Juvenile Idiopathic Arthritis (JIA)

• Form of persistent arthritis occurring before age sixteen.
• May include various symptoms, from pain to stiffness to systemic symptoms.
• Diagnosis should utilize exclusion methods to rule out other issues, supplemented by physical examination findings.

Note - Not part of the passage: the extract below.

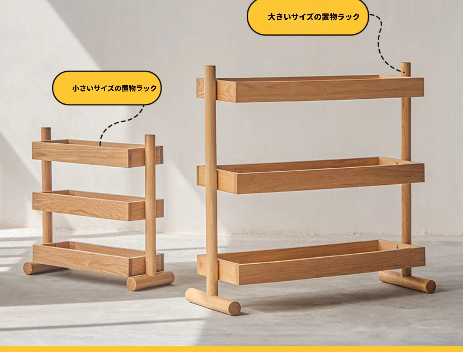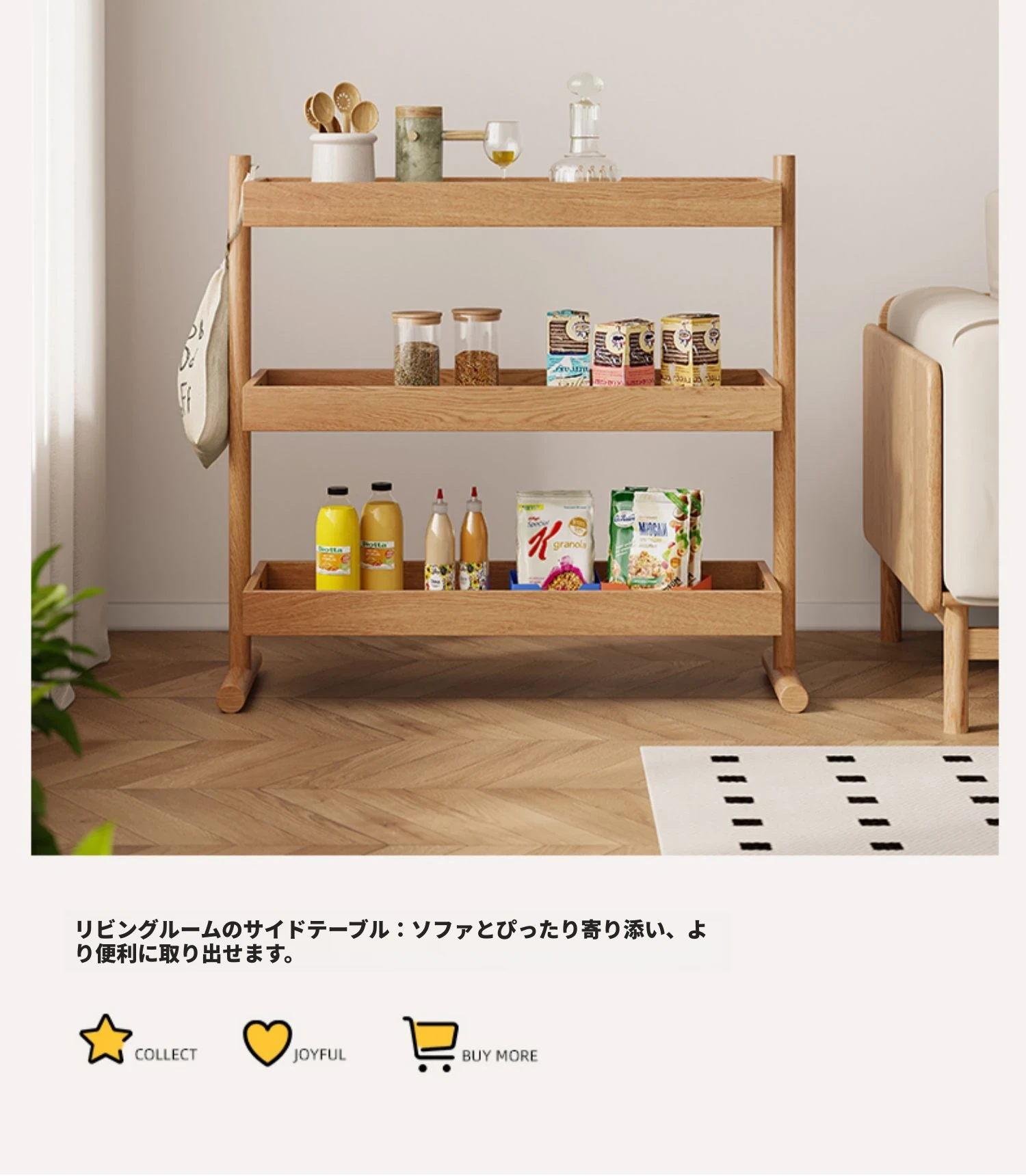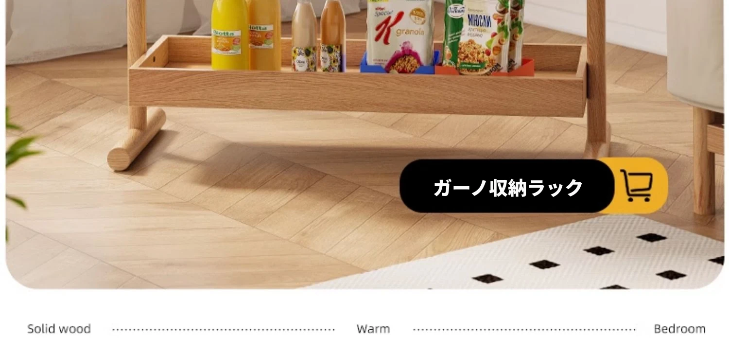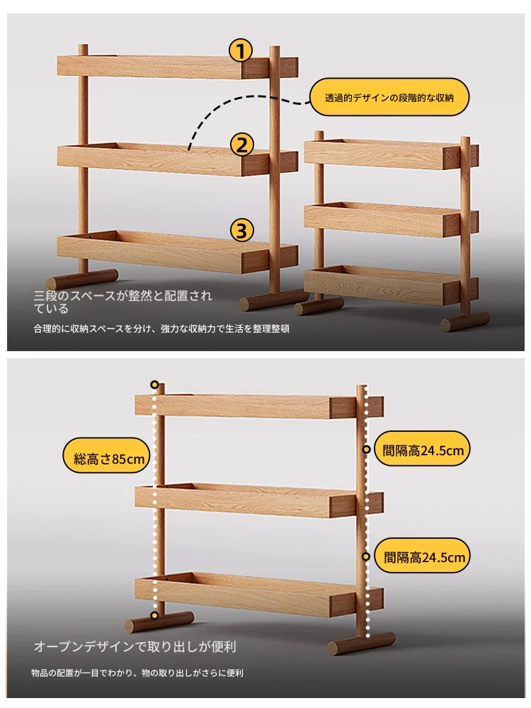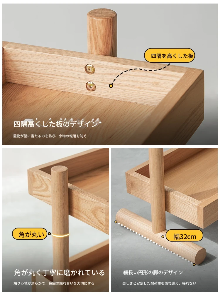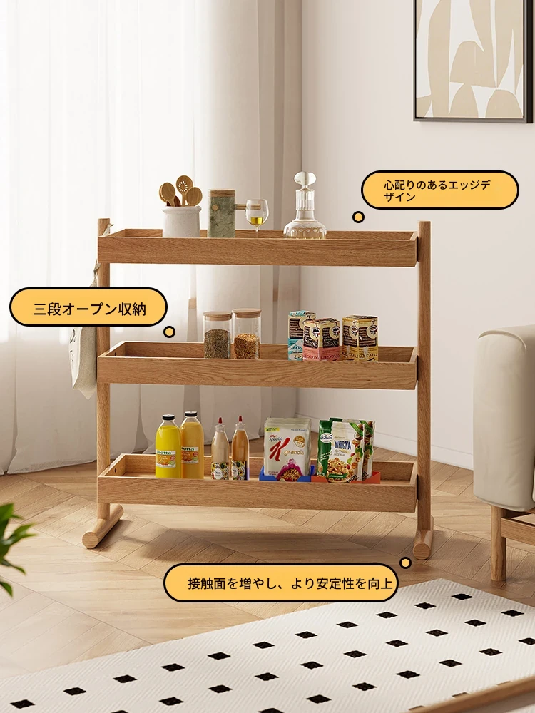 北欧スタイルの天然木製収納ラック - 橡木製の多層サイドテーブル!リビング、キッチンに最適なティーキャビネット。洗練されたデザインでお部屋をスッキリ整理!

Systemic Lupus Erythematosus (SLE)

• Chronic systemic autoimmune disorder affecting many organs and systems.
• Autoantibodies in SLE affect various organ tissues and lead to inflammation.
• Includes myriad of clinical manifestations affecting many organ systems throughout the body.

Sjogren's Disease

• Chronic autoimmune disease characterized by dry eyes and dry mouth, caused by immune system attack on exocrine glands.

Description

This quiz covers Seronegative Spondyloarthropathies, focusing on conditions such as Ankylosing Spondylitis and Psoriatic Arthritis. Explore key features, associated disorders, and clinical characteristics of these inflammatory diseases. Ideal for medical students and professionals seeking to deepen their understanding of SPA.